Quiet: The Power of Introverts in a World That Can’t Stop Talking Audiobook
Quiet: The Power of Introverts in a World That Can’t Stop Talking Audiobook
- Kathe Mazur
- Random House (Audio)
- 2012-01-24
- 10 h 30 min
Summary:
At least one-third of the people we know are introverts. They will be the types who prefer listening to speaking, reading to partying; who innovate and create but dislike self-promotion; who favor working on their very own over brainstorming in groups. Although they are often labeled ‘calm,’ it really is to introverts that we owe lots of the great contributions to society–from truck Gogh’s sunflowers to the invention of the personal computer.

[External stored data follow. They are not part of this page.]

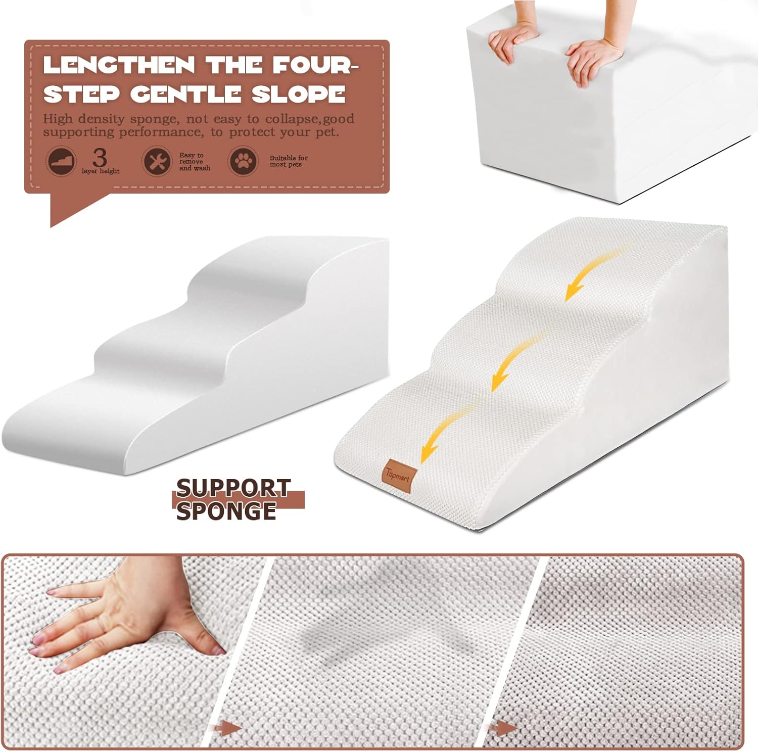 - Easy to Assembly & Clean: The stair cover is removable and machine-washable. Stair made of 30D High density foam,no frame,high rebound, not easy to lose shape. we recommend it for pets weighing less than 60 pounds
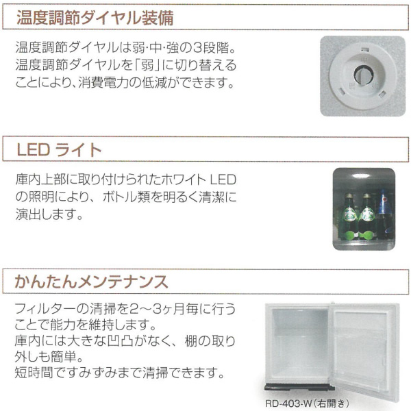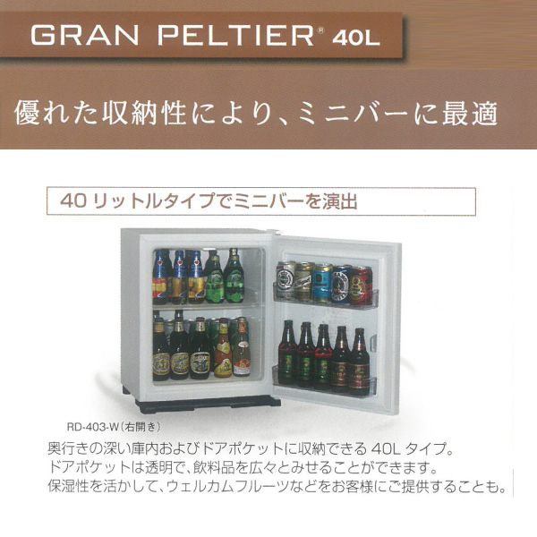 冷蔵庫 三菱電機 業務用 電子冷蔵庫 40L 左開き グラン・ペルチェ ペルチェ式 木目調(ダークブラウン) RD-403-LM
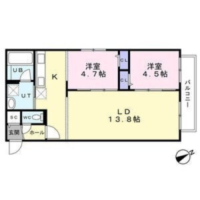 2LDK(56.16m²)└ LD13.8帖 洋室4.5帖 洋室4.7帖
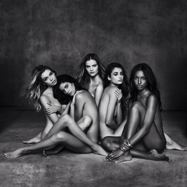 Cinco delas – Kate Grigorieva, Taylor Hill, Stella Maxwell, Sara Sampaio e Jasmine Tookes – posaram sem roupa e a imagem foi divulgada pela marca de lingerie nas redes sociais.
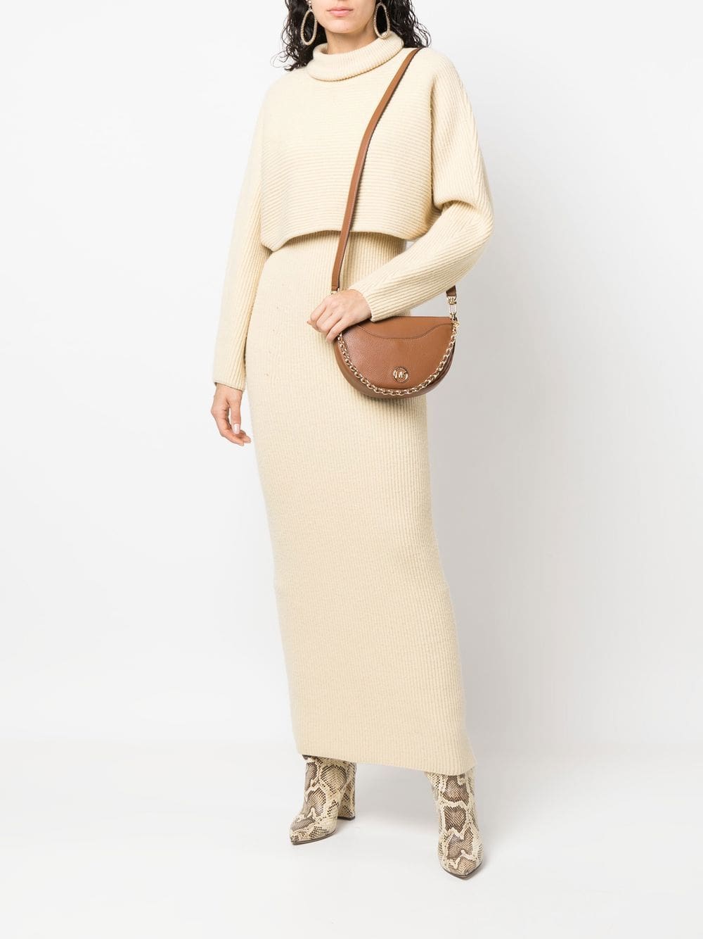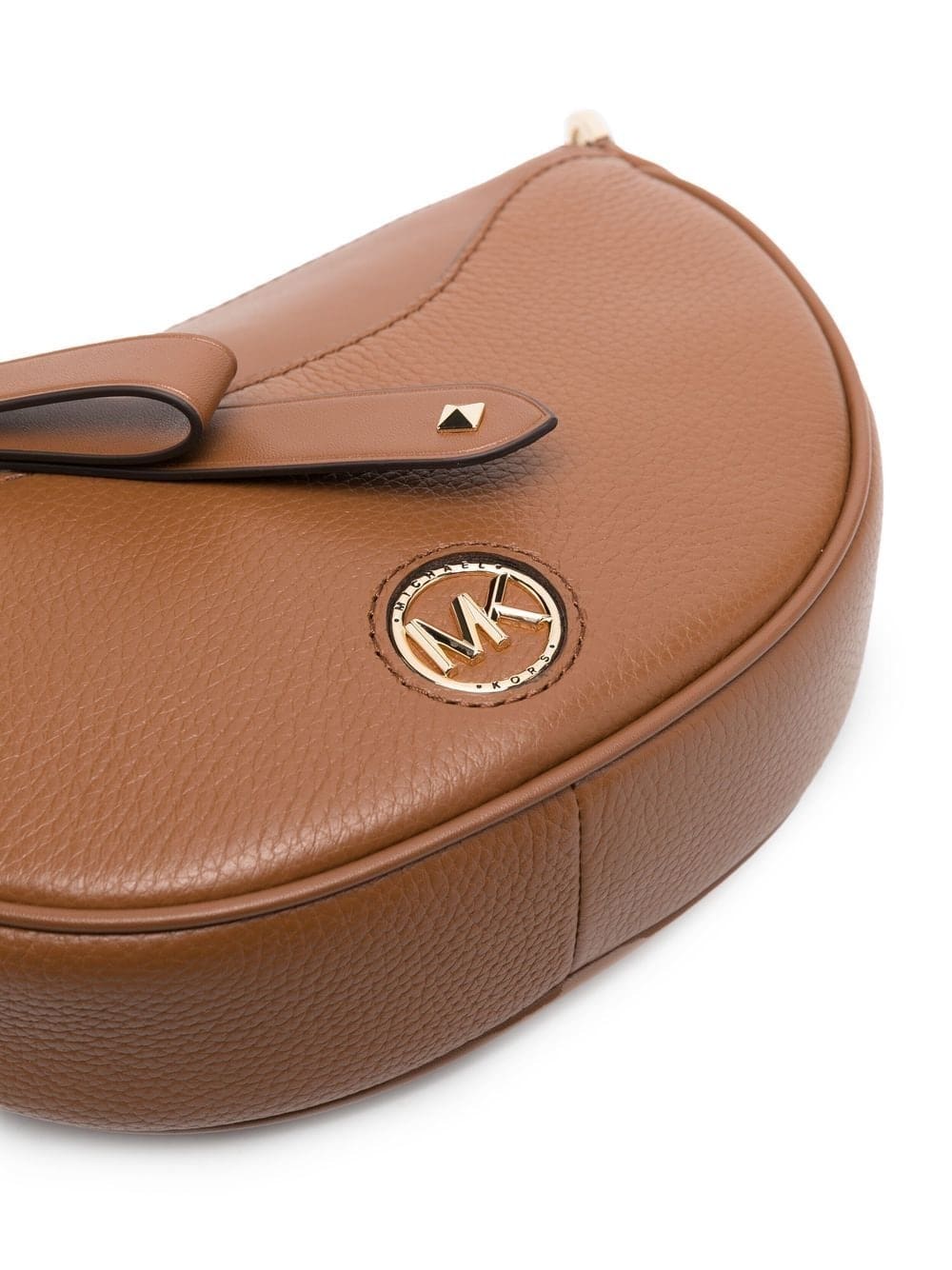 logo-embellished tote bag from MICHAEL MICHAEL KORS featuring brown, gold-tone logo plaque, curved corners, top zip fastening, adjustable detachable shoulder strap and optional chain strap.

Passionately argued, impressively researched, and filled up with about Quiet: THE ENERGY of Introverts in a World That Can’t Stop Talking indelible stories of real people, Quiet shows how dramatically we undervalue introverts, and how much we lose in doing this. Taking the audience on a journey from Dale Carnegie’s birthplace to Harvard Business School, from a Tony Robbins seminar for an evangelical megachurch, Susan Cain charts the rise of the Extrovert Ideal in the twentieth hundred years and explores its far-reaching effects. She foretells Asian-American college students who experience alienated from your brash, backslapping atmosphere of American colleges. She questions the dominant ideals of American business culture, where forced cooperation can stand in the way of innovation, and where the command potential of introverts is often forgotten. And she draws on cutting-edge analysis in psychology and neuroscience to uncover the surprising variations between extroverts and introverts.
Perhaps most inspiring, she introduces us to successful introverts–from a witty, high-octane presenter who recharges in solitude after his talks, to a record-breaking salesman who quietly taps into the power of questions. Finally, she presents invaluable information on from how to better negotiate distinctions in introvert-extrovert human relationships to how exactly to empower an introverted child to when it makes sense to be a ‘pretend extrovert.’
This extraordinary book gets the capacity to permanently change how we see introverts and, equally important, how introverts see themselves.